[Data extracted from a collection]
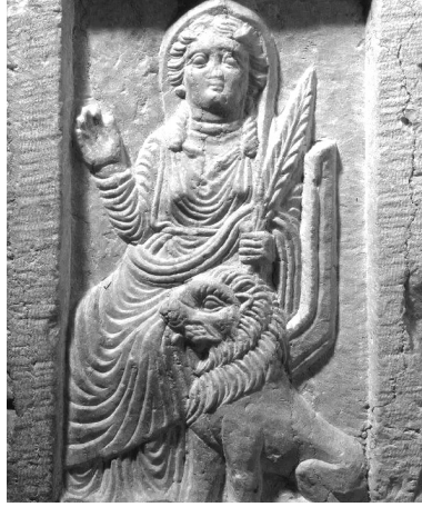
Lât figürü [72]

6) “Lât”, bir kayadır ve ilk başlarda bu kayanın üzerinde oturup hacılara yağ ve süt satan kimseye [70] “Lât” ismi verilmişti. [71]
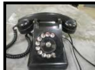
Téléphone Années 30
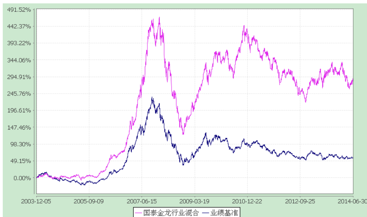
份额累计净值增长率与业绩比较基准收益率历史走势对比图 (2003 年 12 月 5 日至 2014 年 6 月 30 日)

注：本基金的合同生效日为 2003 年 12 月 5 日。本基金在六个月建仓期结束时，各项资产配置比例符合合同约定。
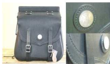
Indian L.46 x H.45 x P.20 cm, capacité 35 litres

Western Bull produit des sacoques entièrement cousues main, en cuir et peau de première qualité. Elles sont conçues pour durer dans le temps. Les sacoques sont adaptables pour une large gamme de motos custom.
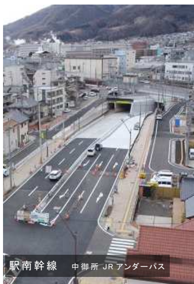
駅南幹線 中御所 JR アンダーパス

北側に新たな2車線を拡幅し、歩道の整備と車道・歩道への融雪施設、道路照明などを施工し、4車線化と両側に整備された歩道により、安全性の向上と円滑な通行が確保されました。

▶ [HOW TO COMPLETE THIS TASK] Restate word for word the lines starting at the one that contains "注：本基金的合同生效日为 2003 年" and ending at the last line of the data. Skip every picture.

▶ [WRITTEN ANSWER]
注：本基金的合同生效日为 2003 年 12 月 5 日。本基金在六个月建仓期结束时，各项资产配置比例符合合同约定。
Indian L.46 x H.45 x P.20 cm, capacité 35 litres

Western Bull produit des sacoques entièrement cousues main, en cuir et peau de première qualité. Elles sont conçues pour durer dans le temps. Les sacoques sont adaptables pour une large gamme de motos custom.
駅南幹線 中御所 JR アンダーパス

北側に新たな2車線を拡幅し、歩道の整備と車道・歩道への融雪施設、道路照明などを施工し、4車線化と両側に整備された歩道により、安全性の向上と円滑な通行が確保されました。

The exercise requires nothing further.